Notes from the Underground Introduction

Notes from the Underground is a fictional, first-person "confession" told by a hateful, hyper-conscious man living "underground." Fyodor Dostoevsky, a Russian thinker living in St. Petersburg, wrote Notes in 1864. His wife was dying at the time, so you can speculate on how that might have affected his work. When writing, Dostoevsky said of the work: "It will be a powerful and candid piece; it will be truth."
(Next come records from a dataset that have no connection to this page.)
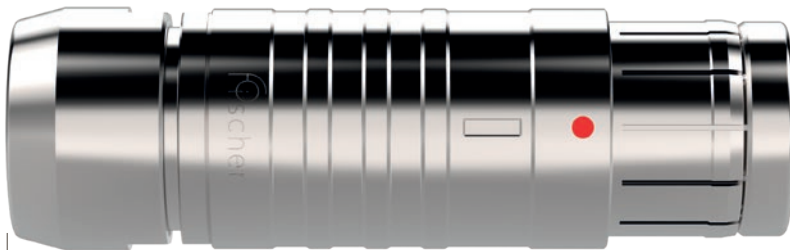
107 (4 to 55 contacts)
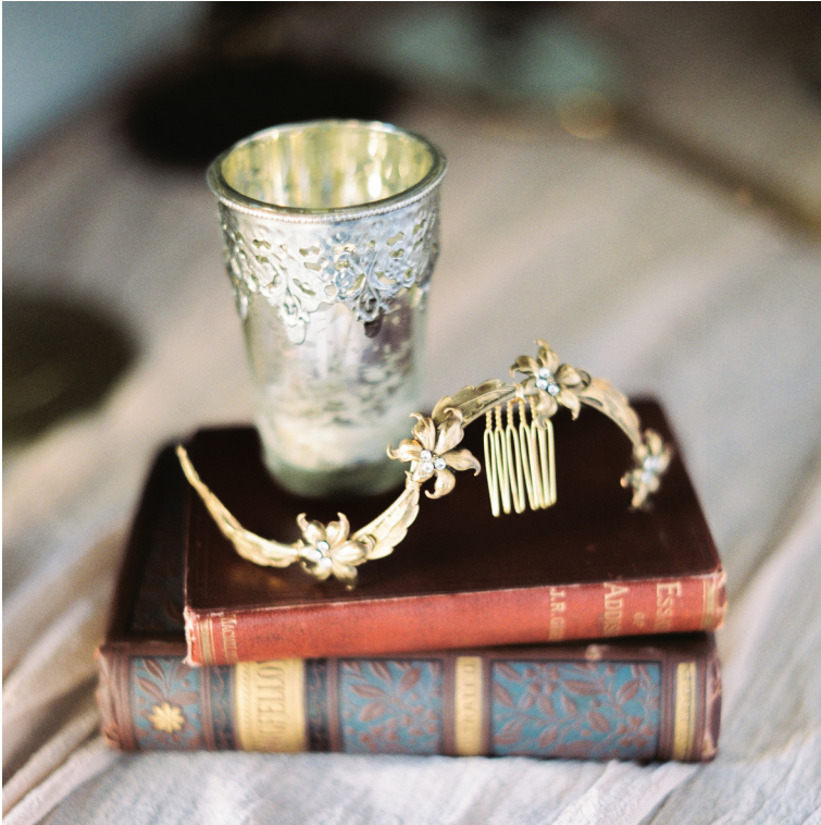
This page: Hair comb with embellished flowers Style H816 Double hair band with gold plated beads Style H812
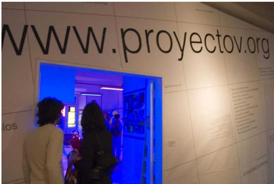
Proyecto Venus at Estudio Abierto (2006). Correo Central, Buenos Aires.
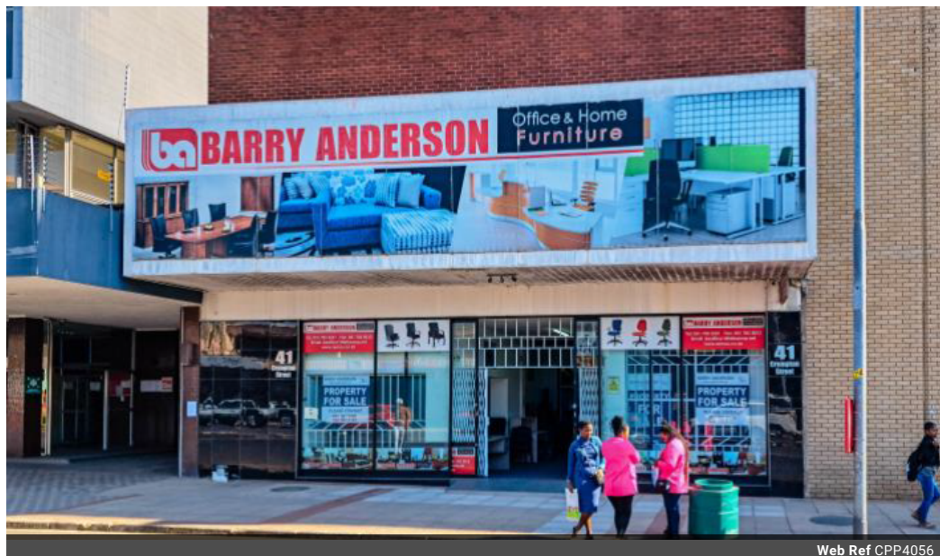
Web Ref CPP4056

Shop 5 7 on Millennium Boulevard Umhlanga Ridge 4321
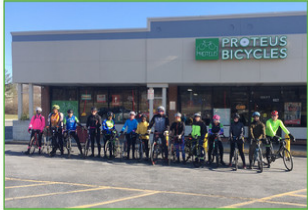
From left to right, top to bottom: Lidl Food Market — This international grocery store chain is expanding in Prince George's County; PJ's Coffee — This franchise eatery opened in Bowie in August 2020; Physiocare — Located in the Eastgate Shopping Center in Lanham, Physiocare provides rehabilitative and wellness treatment to patients in the surrounding area; Proteus Bicycle Shop — Proteus, located in College Park, opened a coffee shop to serve customers while waiting for bicycle services.
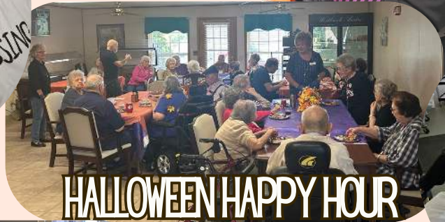
HALLOWEEN HAPPY HOUR
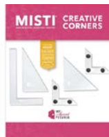
MISTI CREATIVE CORNERS Positioning...
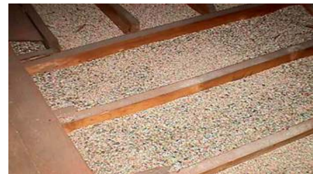
Vermiculite insulation between attic joists
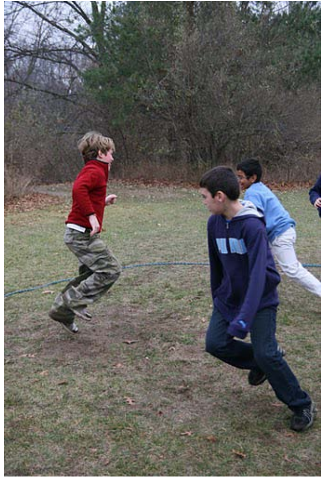
Beit Sefer students running at their visit to Global Villages.
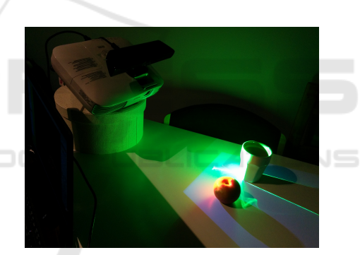
Figure 1: Experimental setup and the example of highlighted object.

The primary use case of our system is selection and manipulation of objects that are placed on a tabletop in front of the user. UI presented in this paper consists of projector, depth camera (such as Microsoft Kinect) and user action input device. Our system can be used with several user action input devices, namely sip/puff, consumer grade brain computer in-
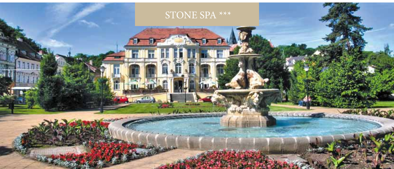
STONE SPA ***
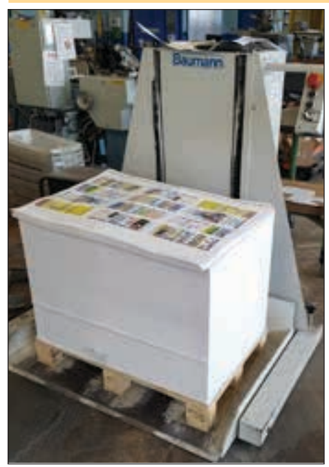
BAUMANN PAPER LIFT MODEL NUP650
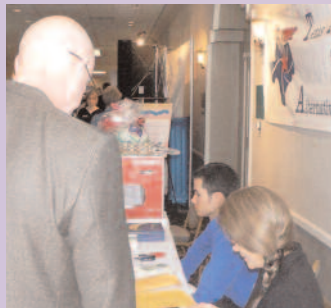
Naomi Shihab Nye with son signing autographed books for members

Later, Notes from the Underground was hailed as a forerunner to existential literature of the 20th century. Dostoevsky explores themes of absurdity, isolation, and radical personal freedom. Philosophers and writers like Friedrich Nietzsche, Jean-Paul Sartre, and Samuel Beckett would take these ideas and run with them, developing more fully an entire school of thought, the seeds of which can be found in Notes. Existentialism, the philosophical belief that individuals (rather than a god or a government or authority) define the meaning of their own lives, blossomed in the 20th century. In other words, Dostoevsky was way ahead of his time.

Even outside of existentialism the impact of Notes from the Underground is staggering. It made popular a distinct and often imitated approach to the novel: the fictional "confession." We see it again in Ralph Ellison's Invisible Man; in fact, the first paragraphs of Ellison's novel are an explicit reference to Notes. Since Dostoevsky published Notes, we've seen everything from homage to parody, and a mountain of literary criticism.

Of course, all of this criticism, being good criticism and all, isn't just talking about Notes from the Underground itself. It's viewing the work in the context of its intellectual history. As you'll soon find out, to study one piece of Russian literature often means studying many pieces of Russian literature. This stems from the fact that guys like Dostoevsky were carrying out their arguments on the written page. It worked like this: someone would write a treatise or argumentative novel, and instead of disagreeing in person, some other guys would just write a treatise or novel back. (This is why there are so many Russian texts.)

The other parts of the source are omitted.